Finally, note that a fully digital loopback option (inner loopback) is included (see Fig. 2). It is used to test the DSP performance without considering the analog domain effects from AFE. As we show in Section III, the inner loopback is used for comparison purposes. In next sub-sections, the digital implementation in the FPGA is detailed.

#### A. Transmitter

The transmitter sub-system generates a pseudo-random binary sequence (PRBS) that can be merged with an additive white Gaussian noise (AWGN) signal to define the required signal-to-noise ratio (SNR) (Fig. 2). The PRBS sequence  $(2^9 - 1$  symbols length) is implemented in a parallel architecture like [8]. The PRBS binary symbols are then encoded in BPSK modulation to obtain the  $\pm 1$  signal in 16-bit *fixedpoint* resolution.

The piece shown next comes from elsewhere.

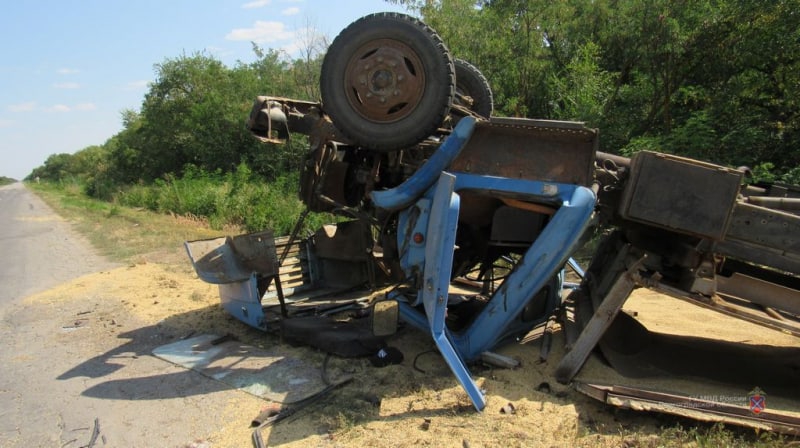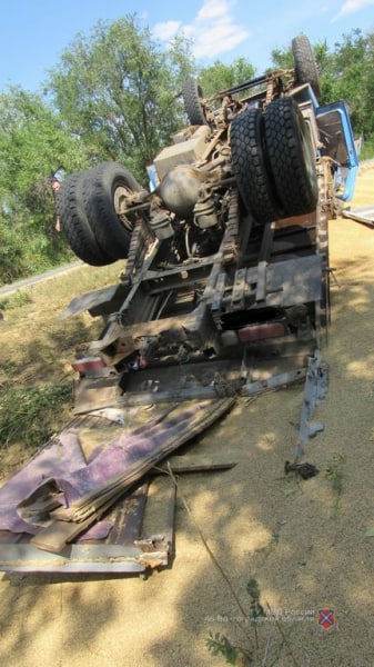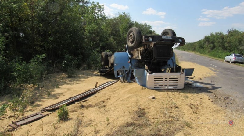 Волгоградец на угнанном грузовике с зерном перевернулся в Саратовской области

On the lower branch of the transmitter, the noise signal is generated by implementing eight parallel instances of an AWGN IP block with different seeds [9].

The transmitter also includes independent 16-bit gain coefficients for both, signal and noise paths. This allows the user to set any required SNR value (i.e. from pure noise signal to high SNR signal), with very high resolution and precision. The resulting output signal is then serialized, transmitted, and synthesized directly to the physical channel by the DAC board.

#### B. Receiver

The core of the receiver is an adaptive fractional spaced equalizer (FSE) filter (Fig. 2). The FSE is implemented with a parallel architecture based on the new generation of coherent optical systems architecture [1]. The receiver input registers operate at a synchronous T/2 sampling rate (i.e. 2 GS/s) but the FSE clock is the symbol rate T (1 GHz). Previous to the FSE inputs, a DC offset cancellation can be set so that the DC offset mismatch between the parallel ADCs can be compensated<sup>1</sup>.

At the output of the FSE and slicer blocks, the signal is decoded and sent to the bit-error counter. This last block is used for measurement purposes and it allows for the verification of system performance, comparing theoretical BER values with the real platform results. The block includes a correlation algorithm for detection and synchronization of the known PRBS sequence.

<sup>&</sup>lt;sup>1</sup>Note that synchronization and timing recovery blocks are not required because T/2 sampling rate is used and an external clock signal is shared between the FPGA and converter boards.



Figure 3. Parallel implementation of the FSE.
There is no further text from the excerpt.